When homeowners get upset with their HOA board members, they oftentimes accuse directors and officers of violating their “fiduciary duties”. But ironically, most people can neither define “fiduciary”, nor define “fiduciary duties” when asked. So, what does “fiduciary” mean and how does it apply to board members, if at all? These are the questions this article will seek to answer.
“Fiduciary” is a Latin term, meaning “faith” and/or “trust”. The modern-day word “fiduciary” generally refers to a person who exercises power over assets of others thereby having a legal and/or ethical obligation to act in the best interests of such other person/entity and to prioritize the person’s/entity’s interests over their own.
Generally speaking, fiduciaries are expected to conduct themselves according to the specific ethical standards regardless of the circumstances.
Are Board Member Fiduciaries?
Directors/officers make day-to-day decisions concerning management and upkeep of their communities, for the primary purpose of protecting and hopefully increasing property values of homes in the association. Arguably, a person’s home is oftentimes their biggest investment and most valuable possession. Additionally, directors exercise control over their associations’ funds, which are primarily composed of assessments paid by HOA members.

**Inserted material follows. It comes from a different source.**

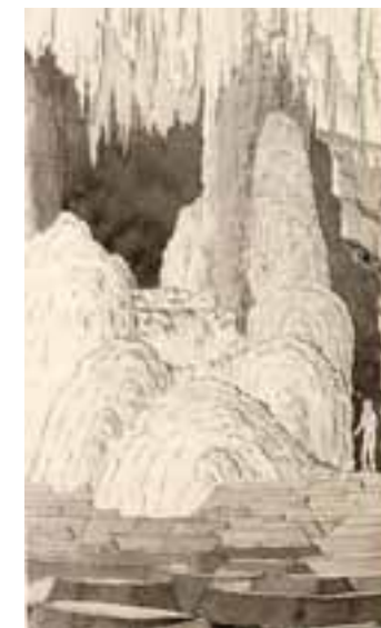
Brandts vision af en af de mest imponerende formationer i Maquiné-hulen, det såkaldte "Feeslot".

Det var dog tilstedeværelsen af de mange fossile dyre-knogler såvel over den røde salpeterholdige

Based on the above, HOA directors and officers hold in trust assets of owners in their communities and have an ethical obligation to properly care for such property. Therefore, directors and officers fall under the fiduciary umbrella.
Do Board Members Have Fiduciary Obligations?
The standards of a fiduciary are encompassed in state and federal laws, as well as by common law. Common law imposes five primary duties on fiduciaries:
- Duty of Care
(must act as ordinary prudent person) - Duty of Loyalty
(directors must place association’s interests above their own) - Duty of Obedience
(must ensure association is abiding by all governing documents and law) - Duty of Confidentiality
(must keep certain types of information confidential and not use information for their personal gain) - Duty of Prudence
(must be informed before making decisions)
In Colorado, such standards are set forth in the Colorado Revised Nonprofit Corporations Act (“Nonprofit Act”) in Article 128, Section 401, entitled “standards of conduct”.
This standards of conduct provision sets forth three requirements with respect to discharging directors’ and officers’ duties, which encompasses the above common law fiduciary duties. Specifically, the Nonprofit Act requires directors and officers to discharge their duties:
- In good faith
(encompassing the duty of loyalty, duty of obedience, and duty of confidentiality) - With the care of an ordinarily prudent person in a like position and under similar circumstances
(encompassing the duty of care and duty of prudence) - In a manner the director or officer reasonably believes to be in the best interests of the association
(encompassing the duty of loyalty and the duty of prudence)
Pursuant to the Nonprofit Act, in order to be considered a “prudent person”, the director/officer must become informed about each situation before deciding how to move forward. How does a director or officer become informed? Each situation is different.
Sometimes it means reviewing documents, other times it means retaining the services of a professional to render an opinion or recommendation. For example, if a board is faced with a question concerning possible structural issues with a building, it would not be prudent to decide on repairs until the board has consulted with an engineer or other construction professional.
The Nonprofit Act also provides incentive for directors/officers to consult with experts by protecting such individuals from liability for making wrong decisions if the decisions were made in reliance upon an expert opinion.
The Nonprofit Act further provides if directors/officers comply with all three duties, they will be protected from liability for their actions, even if they turn out to be wrong or bad for the community.